Niger's electoral commission says more than 92 percent of voters approved changes to the constitution allowing President Mamadou Tandja to run for re-election when his current term expires in December.

Electoral officials say 68 percent of the six million eligible voters cast ballots in Tuesday's referendum, despite calls by the president's political opponents to boycott the vote.

The opposition Party for Democracy and Socialism says it believes fewer than five percent of voters took part in the poll.

Bazoum Mohammed, the party's deputy president, says most people honored the opposition boycott and stayed home because they did not want to be associated with the vote. He says the results released by the electoral commission are a fabrication.

Opposition demonstrators successfully prevented 30 polling stations from opening in the western Tahoua region, where opposition leader Mohamadou Issoufou called on all "sincere democrats and patriots" to mobilize against the vote.

Electoral Commission chief Moumouni Hamidou says none of those disruptions affected the overall outcome of the referendum, as more than 1,900 polling stations across Niger did open.

Constitutional term limits would have prevented President Tandja from running again. Now the 71-year-old leader is eligible to ask voters for three more years in power and to run again after that if he wants to.

The Economic Community of West African States has threatened to sanction President Tandja if he changes the constitution.
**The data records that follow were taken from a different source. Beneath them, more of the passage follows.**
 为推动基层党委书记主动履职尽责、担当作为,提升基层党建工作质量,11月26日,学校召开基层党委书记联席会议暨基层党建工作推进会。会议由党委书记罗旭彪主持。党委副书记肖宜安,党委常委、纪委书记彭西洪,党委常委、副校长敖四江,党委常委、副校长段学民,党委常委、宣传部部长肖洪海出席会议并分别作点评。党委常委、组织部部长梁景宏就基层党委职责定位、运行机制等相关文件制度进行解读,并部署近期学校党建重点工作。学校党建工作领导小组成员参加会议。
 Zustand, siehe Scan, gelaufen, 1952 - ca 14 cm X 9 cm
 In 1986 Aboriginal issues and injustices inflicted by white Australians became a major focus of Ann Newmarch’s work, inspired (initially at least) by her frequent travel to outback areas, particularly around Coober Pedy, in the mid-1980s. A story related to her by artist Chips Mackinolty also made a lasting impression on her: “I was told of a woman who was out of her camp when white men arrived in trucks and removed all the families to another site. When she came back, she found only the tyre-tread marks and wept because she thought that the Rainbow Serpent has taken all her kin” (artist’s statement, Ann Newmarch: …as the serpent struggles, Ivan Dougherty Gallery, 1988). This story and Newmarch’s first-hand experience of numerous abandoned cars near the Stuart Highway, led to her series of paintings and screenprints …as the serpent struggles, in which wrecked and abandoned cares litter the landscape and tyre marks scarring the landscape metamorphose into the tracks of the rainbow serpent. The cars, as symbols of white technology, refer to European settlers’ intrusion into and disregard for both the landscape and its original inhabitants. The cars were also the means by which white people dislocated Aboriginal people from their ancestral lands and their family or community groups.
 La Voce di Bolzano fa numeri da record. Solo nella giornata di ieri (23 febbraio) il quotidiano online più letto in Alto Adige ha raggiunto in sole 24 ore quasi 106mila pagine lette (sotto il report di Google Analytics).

The European Union has suspended aid because it says the government is committing "grave violations" of the rule of law and democratic values.

Niger's parliament and its constitutional court both told the president that removing term limits would be illegal. President Tandja dissolved both bodies and now rules by decree.

Mr. Tandja says the referendum was a matter between himself and the people of Niger - a direct dialogue that did not include his political opponents or the international community.